By discussing particular features of Amazonian language ecologies, I argue that models of linguistic diversity can be improved if we take into account the concept of inter-ethnic multilingual social networks, which describes a basic set of relations between language and the dyanmics of extra-linguistic dimensions (such as the environment, ethnicity, social and poltical units, trade, intermarriage and gender). This concept also implies that our traditional models of language change and evolution need to incorporate more centrally the role of inter-ethnic relations and language contact, which require alternatives to the taditional “family tree” model. I explore the concept of inter-ethnic multilingual social networks at different scales in time, space and social spheres of interaction in the history of the Upper Rio Negro region in Northwest Amazon. This region has been inhabited since at least 2000 years by populations who speak languages from four linguistic families: Arawakan, Tukanoan, Naduhup and Kakwa-Nukak. Although societies in these areas are in intense contact, it is possible to trace back in time patterns of migrations and of social and cultural organization in a way that reveals a layered and multilateral historical construction of a multi-ethnic and multilingual interaction sphere.

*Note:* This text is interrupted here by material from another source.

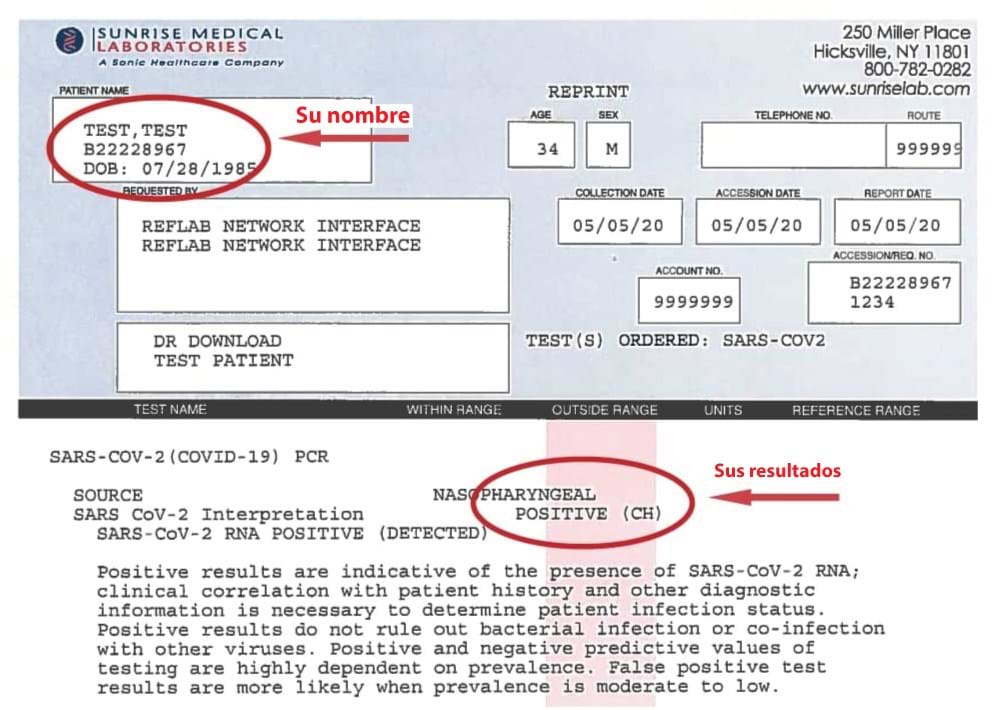 Resultados positivos: Usted a dado positivo para SARS-CoV-2, el virus que causa COVID-19. O bien se ha detectado el objetivo 1 solo o bien se han detectado los objetivos 1 y 2 (nuestros laboratorios asociados no informan específicamente si usted dio positivo solamente para el objetivo 1 o para los objetivos 1 y 2, ya que no es relevante, cualquier escenario es positivo). Es probable que esté en período de contagio activo y deberá hacer una cuarentena en su casa (dormir solo en la cama, si es posible usar su propio baño, limpiar las superficies y usar una mascarilla cuando esté en una misma habitación con otras personas). Tenga en cuenta que un pequeño porcentaje de pacientes con infección activa pueden ser completamente asintomáticos. CityMD sugiere la última recomendación de los CDC para volver al trabajo con la regla de 10/3. Si no tuvo síntomas al momento del hisopado nasal para la PCR, puede volver a trabajar en 10 días (siempre y cuando no haya tenido fiebre 3 días antes de volver al trabajo). Si está asintomático y tiene un resultado positivo, es probable que todavía pueda contagiar a otras personas. Un resultado positivo para la PCR no brinda ninguna información sobre la posible inmunidad. Hágase inmediatamente una reevaluación si empeoran síntomas tales como falta de aire o mareos.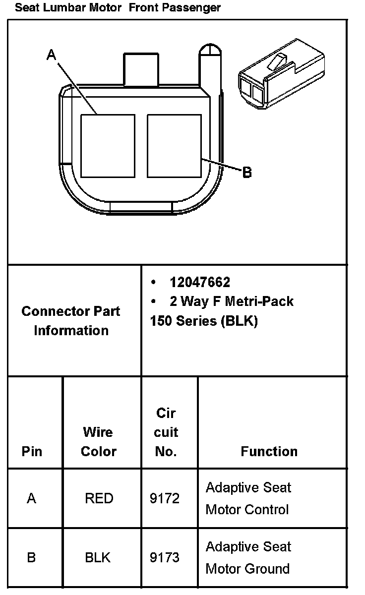 Seat Lumbar Horizontal Motor - Front Passenger:

While all societies are characterized by patrilineal descent, hierarchy, a Dravidian kinship system and varied forms of social exogamy, there are crucial differences in the specific ways they are politically and economically organized, as well as how distinct language ideologies reflect in systems which focalize more on linguistic exogamy or more on endogamy.
This presentation will explore how the different albeit integrated patterns of social and cultural organization have crucially been reflected in the creation of these multilingual societies as well as in the diversification processes at the micro and macro-levels, as observed by the dynamic formation of distinct ethno-linguistic assemblages and by different patterns of changes in the phonology, the lexicon and the grammar of these languages.